⟨
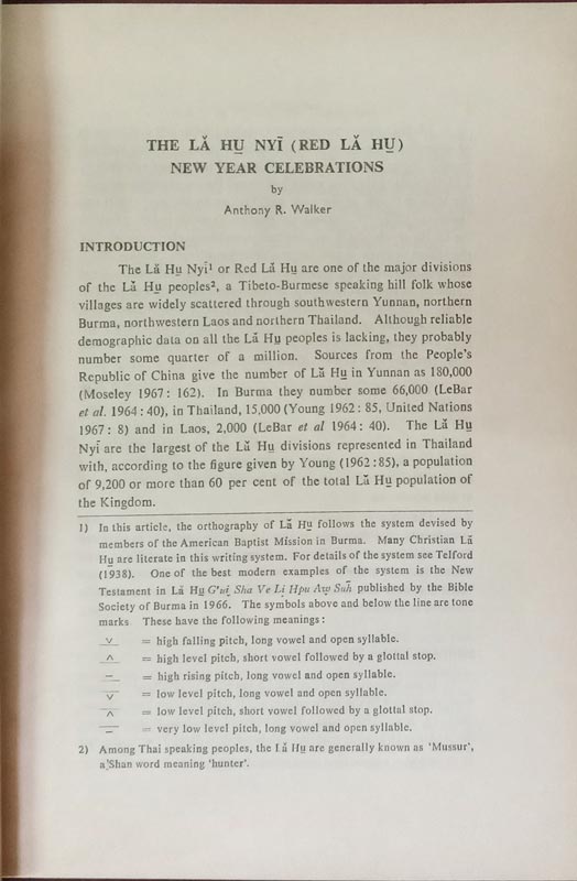 The La Hu Nyi (Red La Hu) New Year Celebrations, The Health needs of Rural Thailand: A Challenge to Traditional University Structure and Function , the Saek Language of Nakhon Phanom Province, A Pact Between Uncle Nephew: Epigraphic & Historical
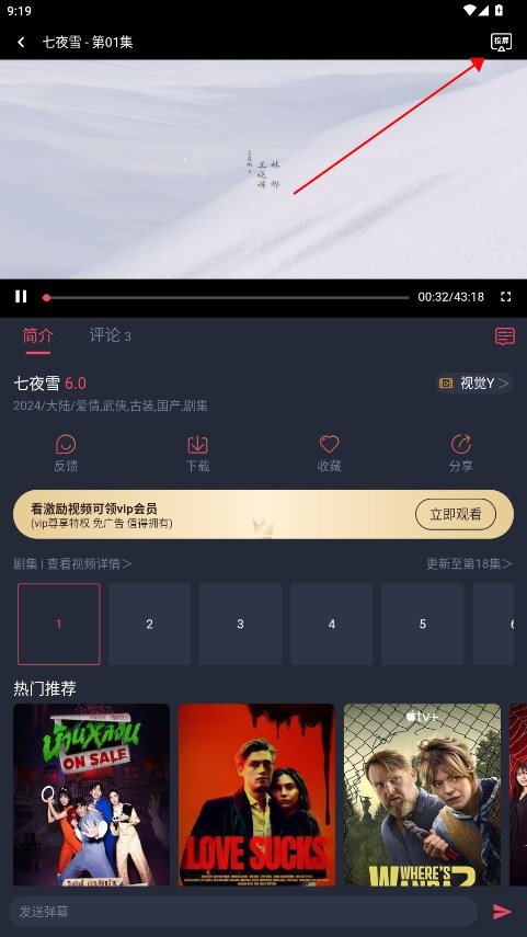 3、于播放页面,点击右上角的TV图标,便能搜索投屏设备。
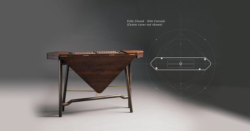The ‘XUAN’ Table is quintessentially Singaporean in the design - paying homage to culture and tradition. Using geometric diagrams and rotational curves, the square table was divided into triangles first, inspired by an avant-garde 1960s-style, three-sided mahjong table, chanced upon at the Goh Loo Club. The table can be transformed from a slim console, to a triangular table, to a square one. It is crafted out of specially selected Rengas wood for the surface and paired with FSC certified beech wood. Tucked into its centre are hidden compartments that house a set of rosewood mahjong tiles.
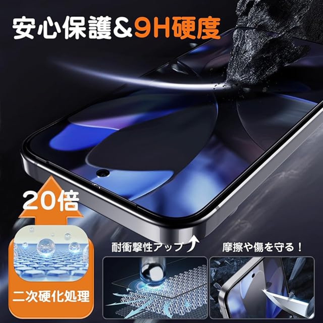 【二次硬化处理&9h硬度】Pixel 9 Pro フィルムは日本製AGCのガラス材料を採用し、一般的な熱強化処理を行った後に、二次硬化処理を行っています。1000回以上のひっかき傷テストと落下テストに無傷と、落下に対する耐性が高い。每年にわたって、日本で累計10万枚販売し、画面の破損記録がゼロとなっています。
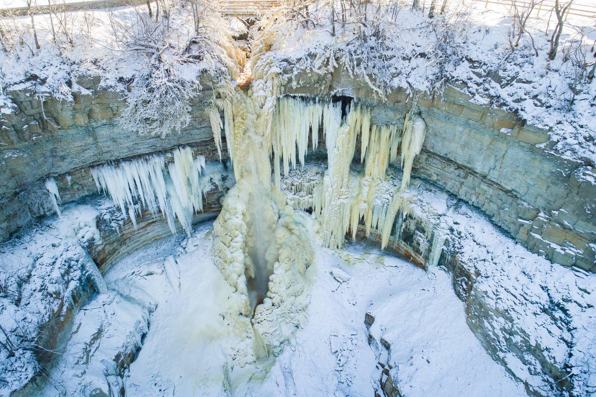 Valasten putous on yksi Viron suosituimpia luontonähtävyyksiä ja upea ilmestys talvellakin. Pakkanen ja tuulet muovaavat yli 30 metriä korkeasta putouksesta jäisen taideteoksen. Valasten näköalapaikan naapurissa on myös kahvila, jossa voi hörpätä kuumaa juotavaa.
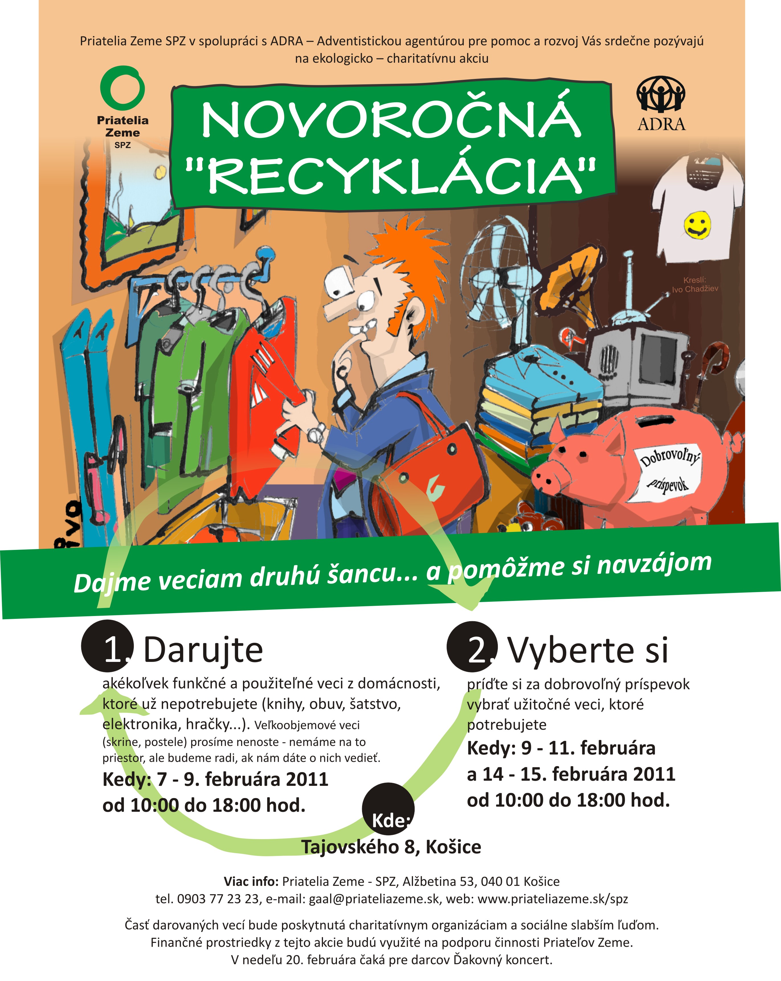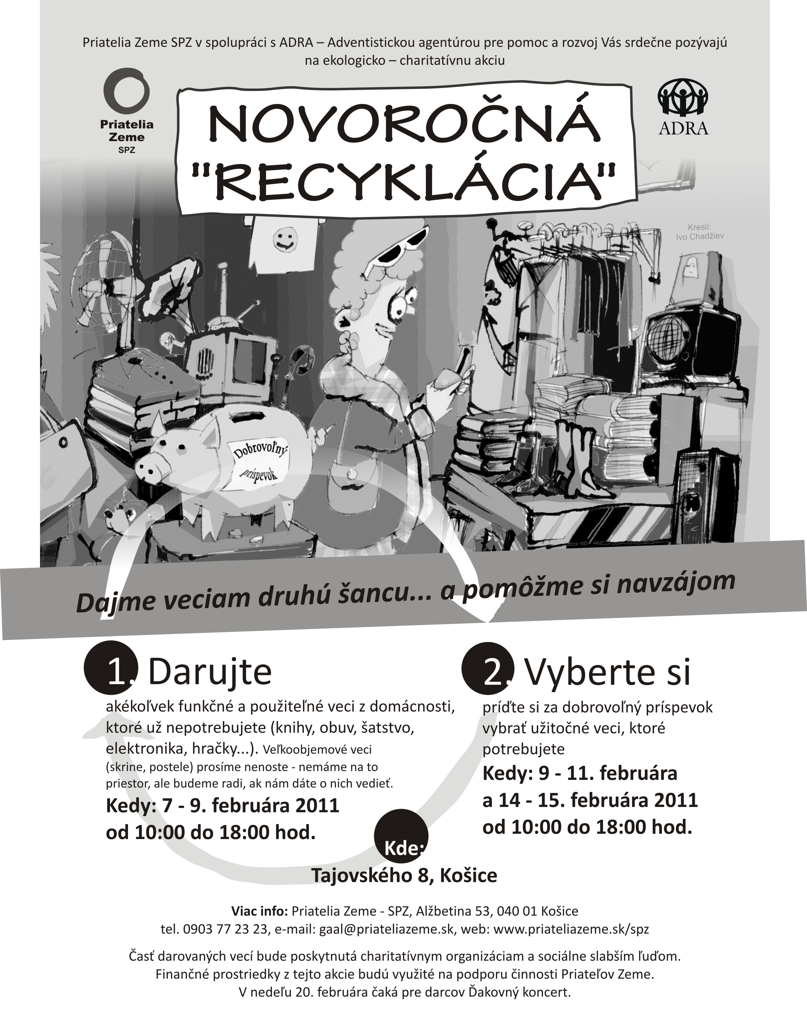 Priatelia Zeme - SPZ v spolupráci s ADRA vás pozývajú na ekologicko-charitatívnu super akciu "Novoročná recyklácia" (výmenná burza). Dajme veciam druhú šancu a pomôžme si navzájom.
⟩
Action item: Lines from the start of the listing above through the line holding "3、于播放页面,点击右上角的TV图标,便能搜索投屏设备。" are to be duplicated exactly, and nothing more; leave out the pictures.

Result for this task:
 The La Hu Nyi (Red La Hu) New Year Celebrations, The Health needs of Rural Thailand: A Challenge to Traditional University Structure and Function , the Saek Language of Nakhon Phanom Province, A Pact Between Uncle Nephew: Epigraphic & Historical
 3、于播放页面,点击右上角的TV图标,便能搜索投屏设备。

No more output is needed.